How to Understand Metaphorical Expressions
In creative writing one of the most challenging aspects of language are metaphorical expressions.
Translation work is exciting, at least to me, in the sense that when you begin a project you have this vast field of information that must be worked through, totally understood, and then regurgitated into a new language while retaining as much of the original as possible. I may be one of a small handful of people who finds this work exciting as opposed to more traditional attitudes towards it like ‛fascinating’ or ‛absorbing.’ I see an untranslated text and I think of the possibilities!

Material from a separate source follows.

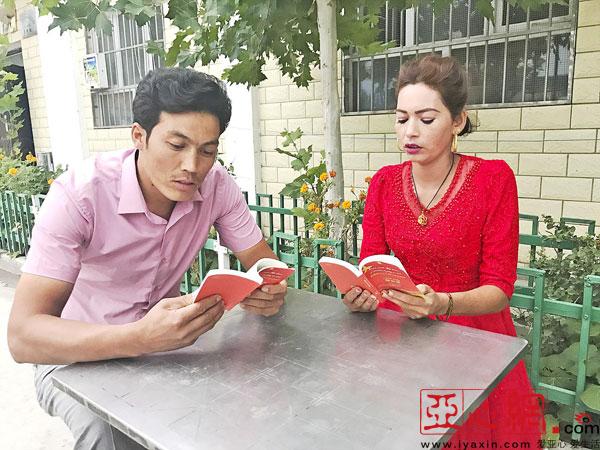 8月20日,海热古丽·艾买尔和朋友在一起阅读《新疆维吾尔自治区惠民政策明白册》。黄净摄
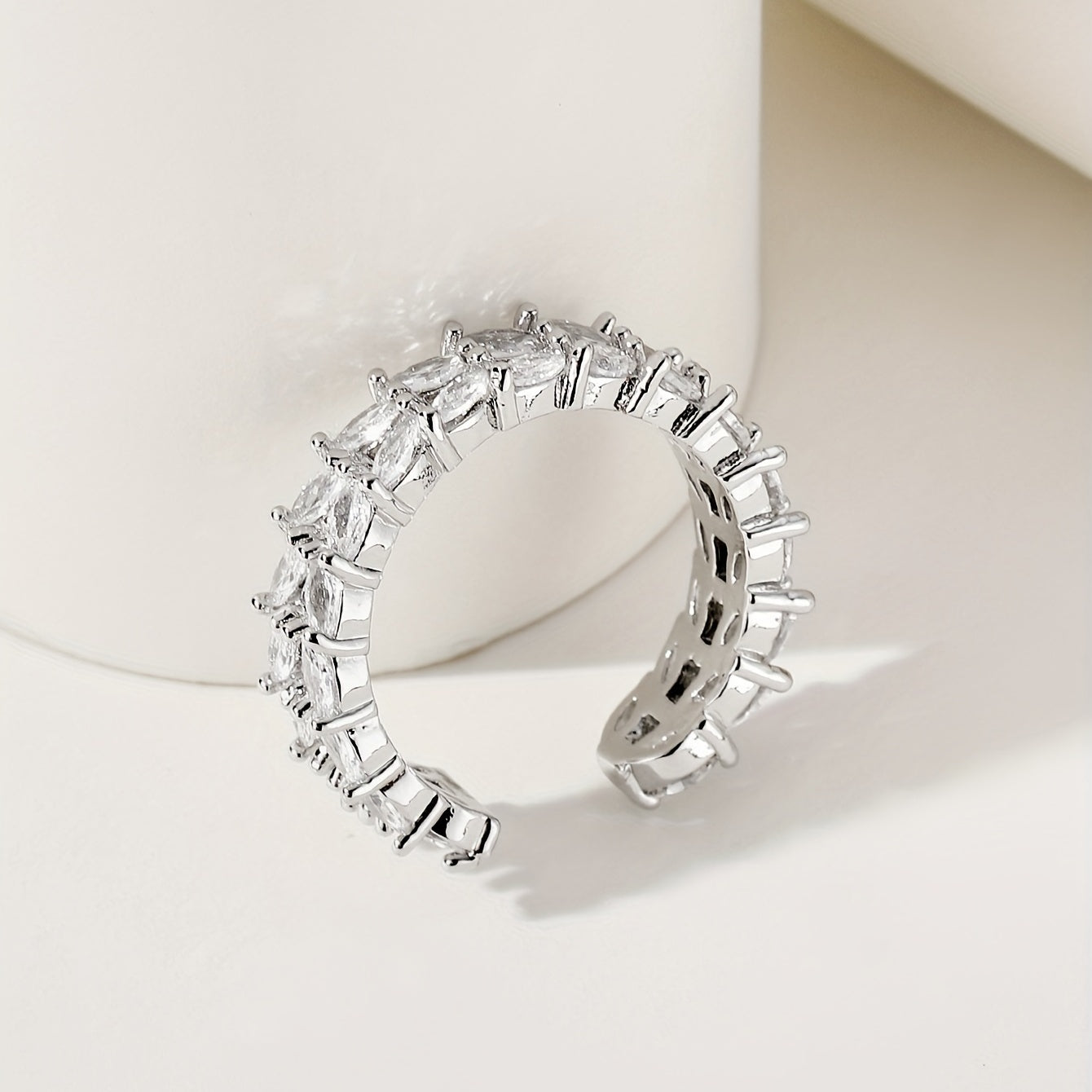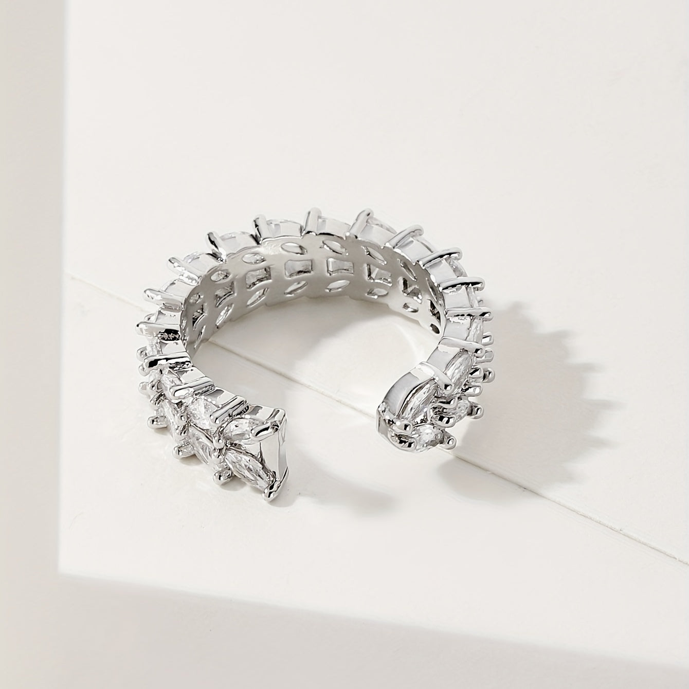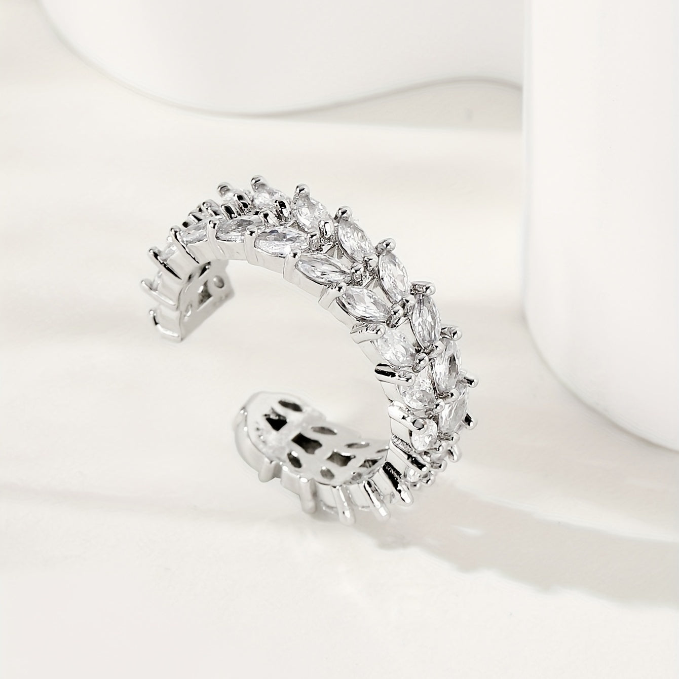 Enhance your daily outfits with this stunning silver plated cuff ring featuring double rows of shining zircon. Perfect for parties and makes a great gift for girls.

The most exciting kind of work, in those terms (and also of course the most frustrating) is artistic texts like poetry and fiction, because those sorts of texts seek to use language in a fluid, unexpected way. The whole goal of a writer in the arts is to surprise and shock you, so they are always seeking new ways of communicating. For a translation professional like me, that’s exciting – and challenging. For example, let’s consider one of the most challenging aspects of language: Metaphorical expressions.
Getting to the Bottom of it All
First and foremost, let’s clarify that a metaphorical expression is not, strictly speaking, a metaphor. A metaphor is a complete statement that shrouds its true object and meaning – for example, when someone uses the phrase ‘We sailed the seven seas’ to mean they travelled the whole world – while a metaphorical expression actually does more heavy lifting than that by combining a metaphor with a real-world noun or fact. A good example would be: Getting to the Bottom of This Translation Problem – we know that a translation problem has no bottom, but we also understand what the phrase intends.
Obviously, this can be very difficult to translate. Pure metaphors are easier, because they convey a certain sense that can be approximated. Metaphorical expressions can be much more challenging, and there have been several procedures developed to try and handle them in an elegant way.
Handling Metaphorical Expressions
Your first strategy, obviously, would be to find a matching metaphor in the target language and construct a matching expression from it. Failing that, you can switch over to a simile-construction that approximates the metaphor with the words ‘like’ or ‘as.’ If both of these strategies fail, you’re often confronted with the unhappy necessity of taking the meaning of the expression and rendering it more or less plainly – ditching the entire metaphorical construction altogether. While this last strategy is perfectly acceptable and will produce a perfectly understandable translation, it loses much of the artistry and beauty of the original. I personally try to avoid it if I can.
Some translation professionals prefer to remain working in more mundane and non-artistic fields precisely because of the lack of creative metaphorical expressions and the like. While I can understand this decision, I take the opposite approach: Translating creative writing is what keeps my skills sharp – and it’s also the most fun.